:: THE TASK ::
A verbatim copy of all the data is required; the pictures should not appear in it.

:: DATA BELOW ::
++++

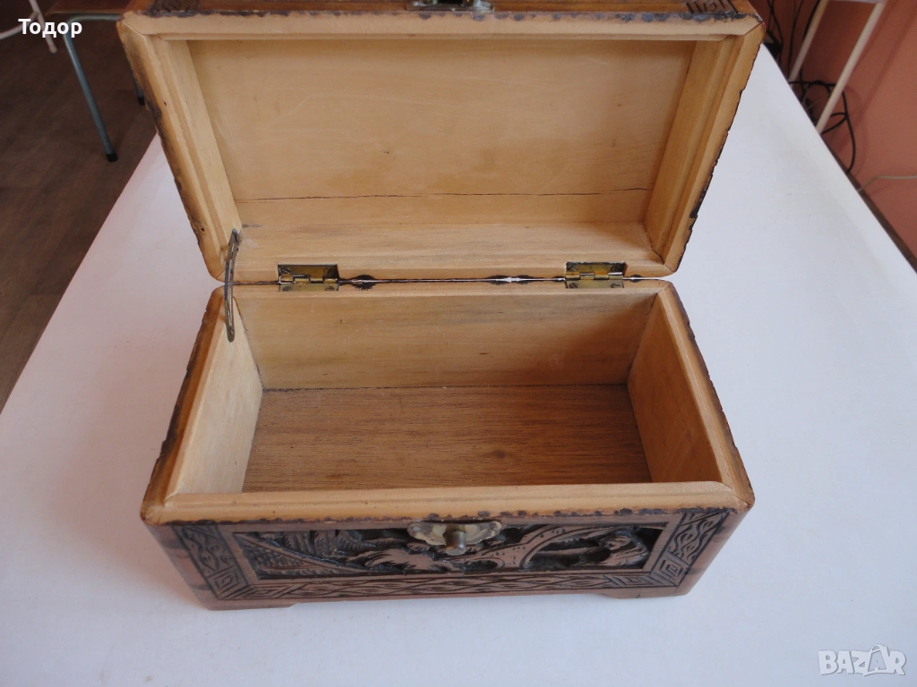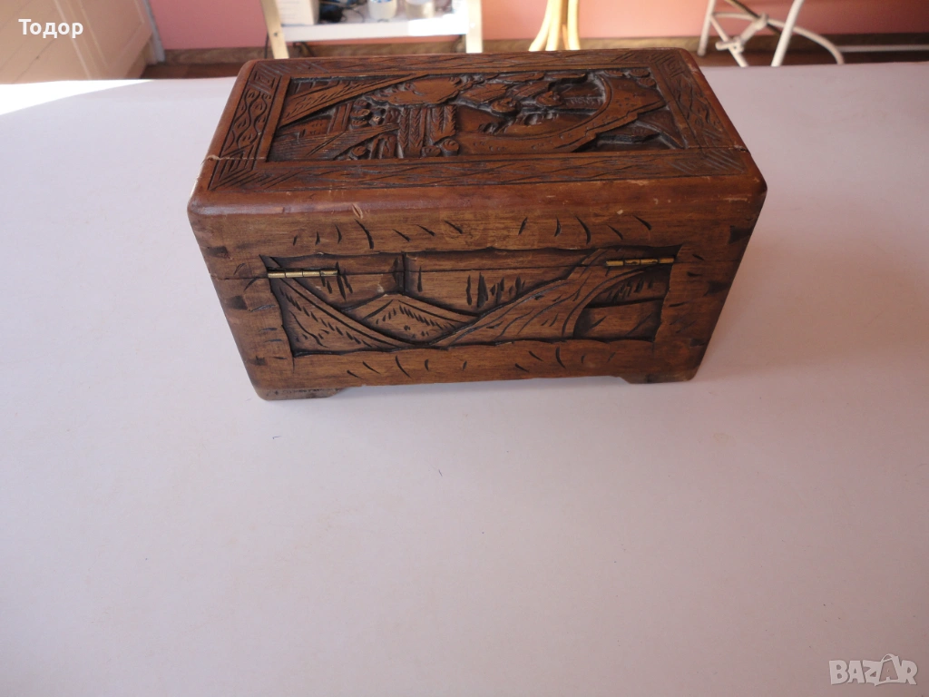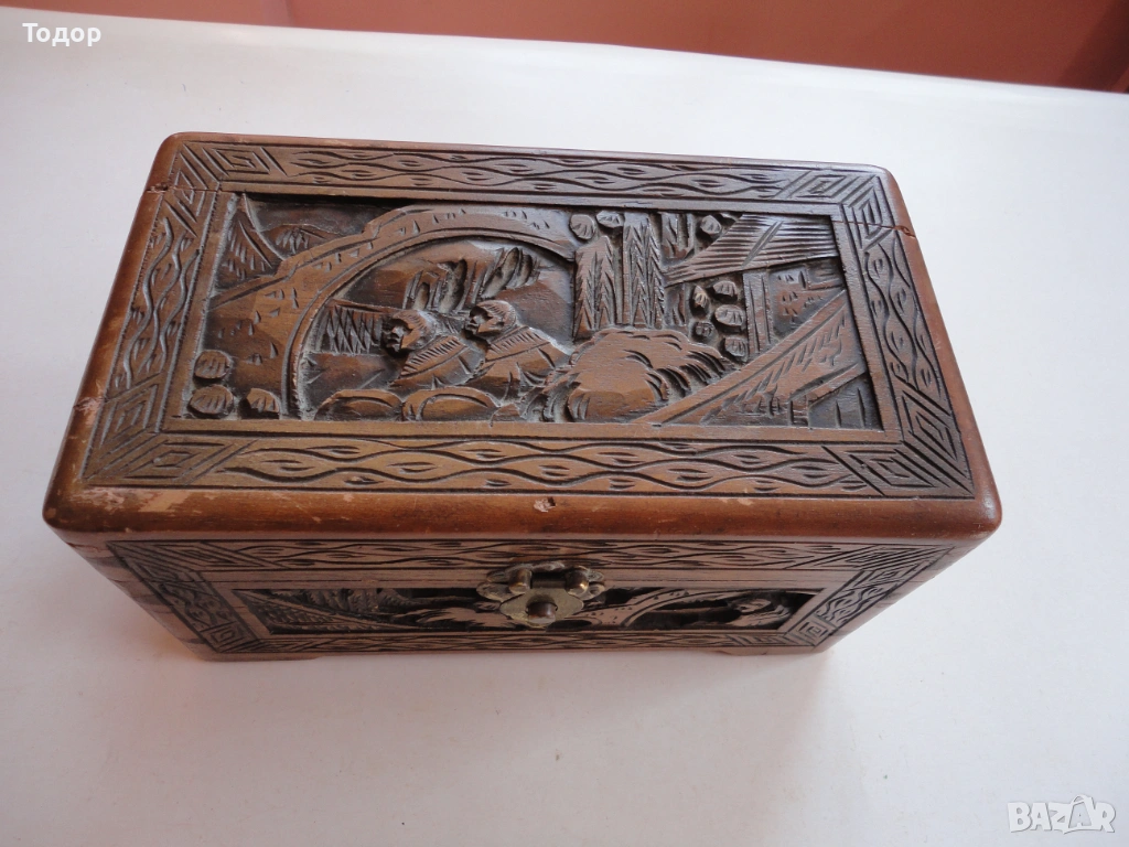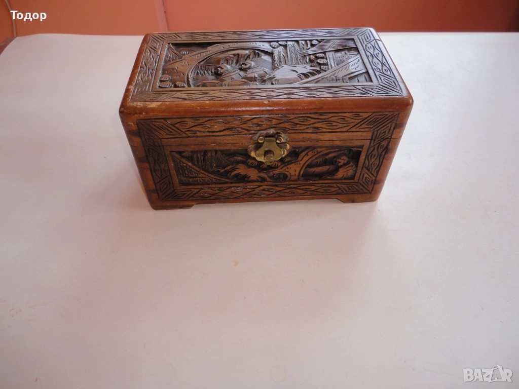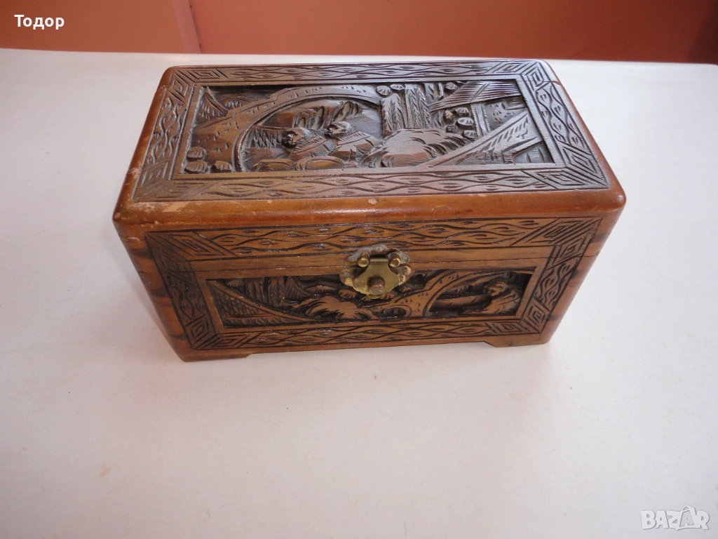 Старинно дървено сандъче ковчеже кутия дърворезба → Обява 54087576
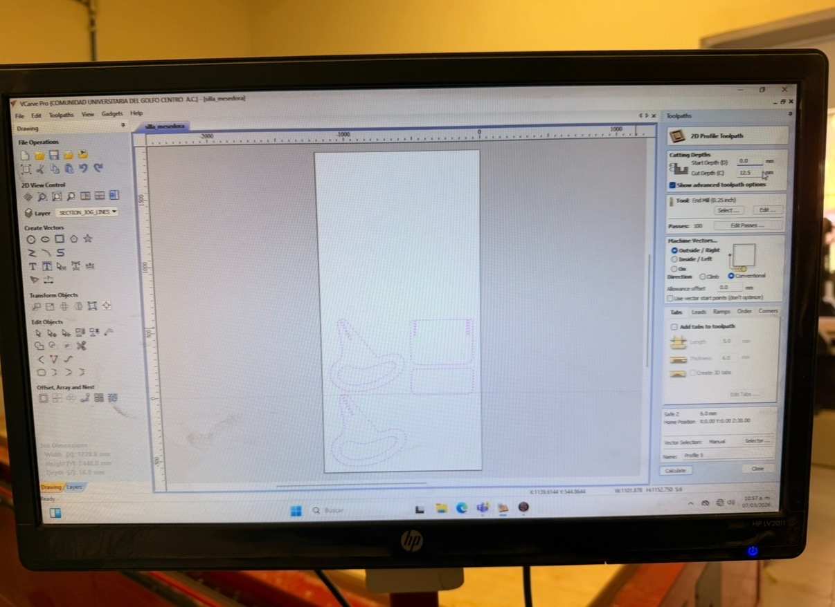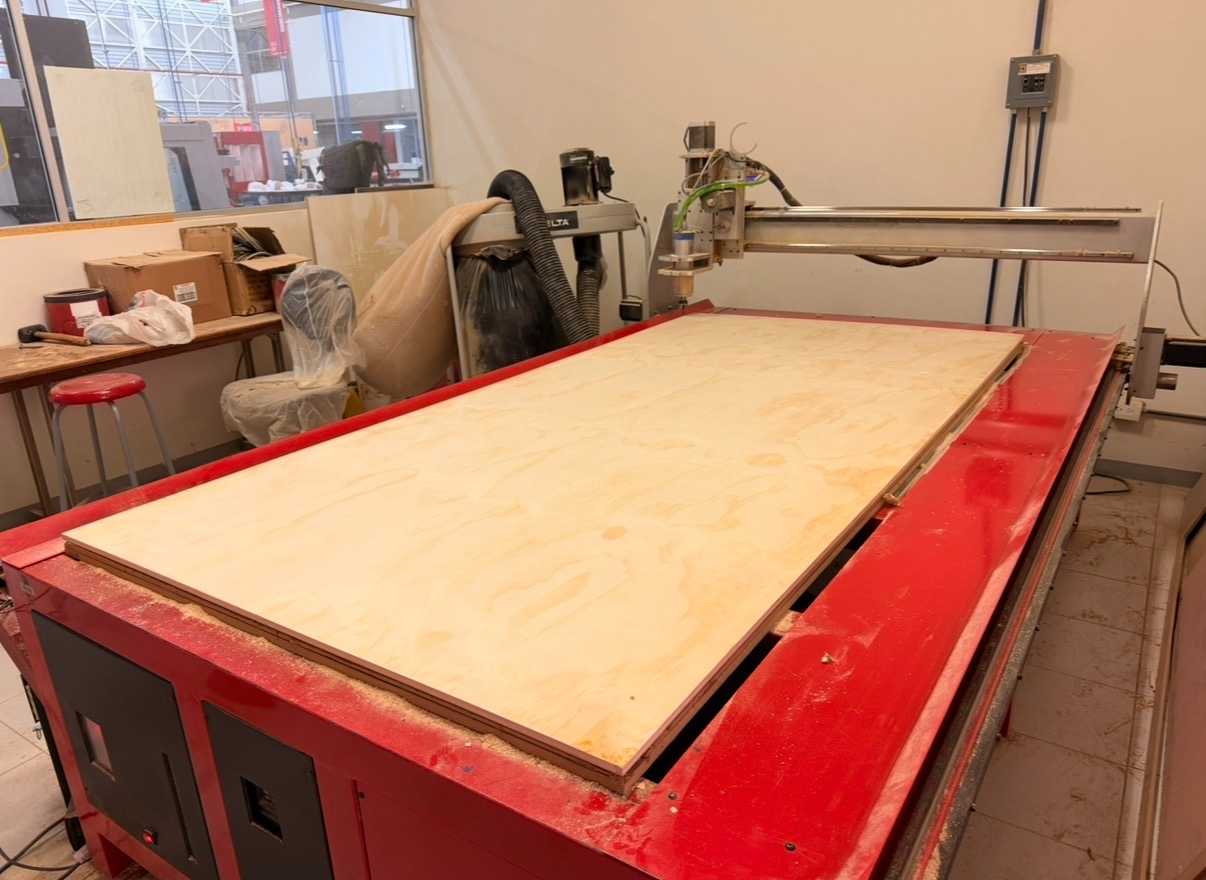 In week 7, the focus was on large-scale digital fabrication using the CNC router (Computer Numerical Control router). Unlike smaller digital fabrication tools such as laser cutter or vinyl cutter, the CNC router allows the fabrication of large structural objects from sheet materials like plywood or MDF of greater thickness.
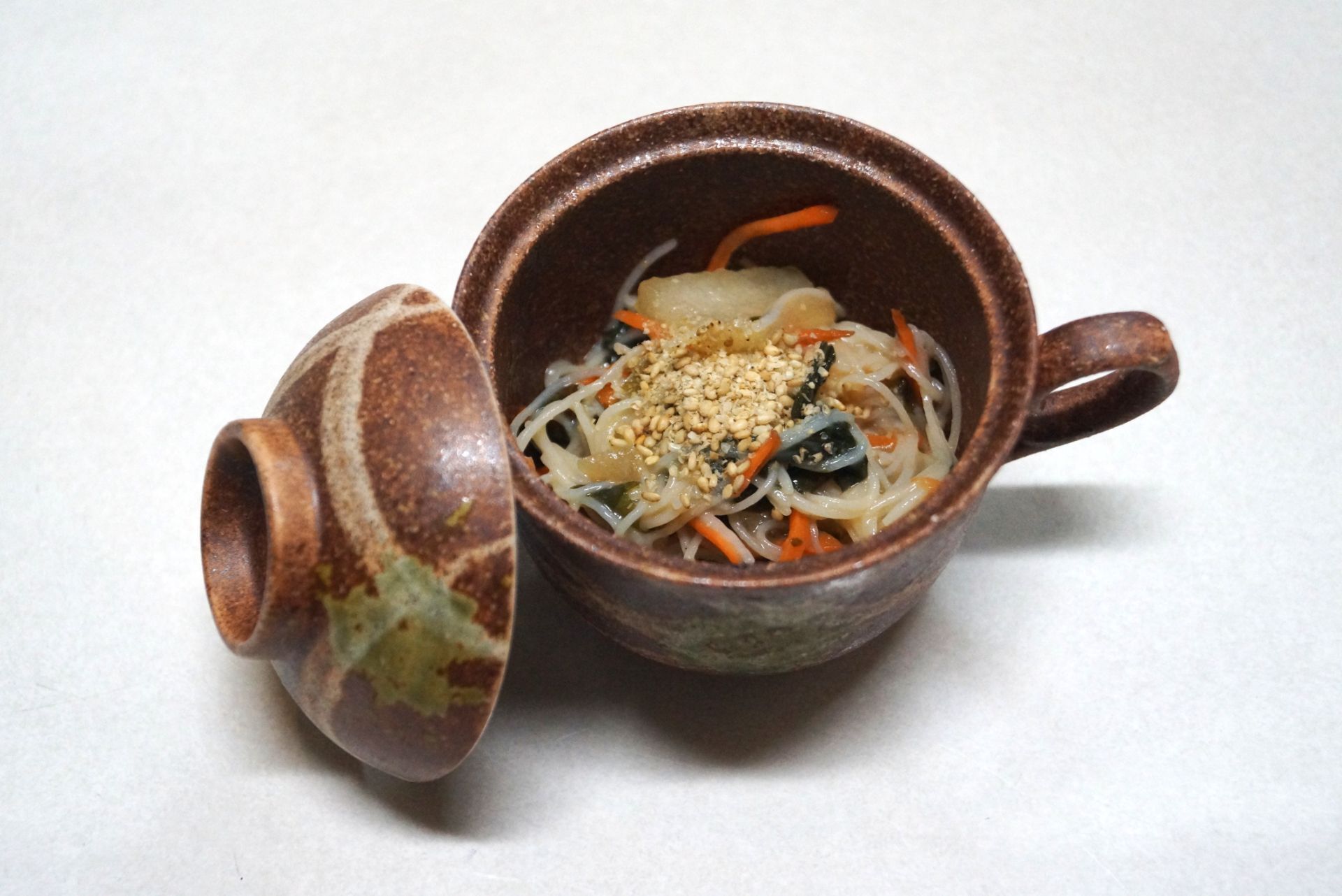 ❷に水気を切った春雨・冬瓜・人参・ワカメを加え和え、味を調えたら出来上がり。

++++

:: EXERCISE ANSWER ::
 Старинно дървено сандъче ковчеже кутия дърворезба → Обява 54087576
 In week 7, the focus was on large-scale digital fabrication using the CNC router (Computer Numerical Control router). Unlike smaller digital fabrication tools such as laser cutter or vinyl cutter, the CNC router allows the fabrication of large structural objects from sheet materials like plywood or MDF of greater thickness.
 ❷に水気を切った春雨・冬瓜・人参・ワカメを加え和え、味を調えたら出来上がり。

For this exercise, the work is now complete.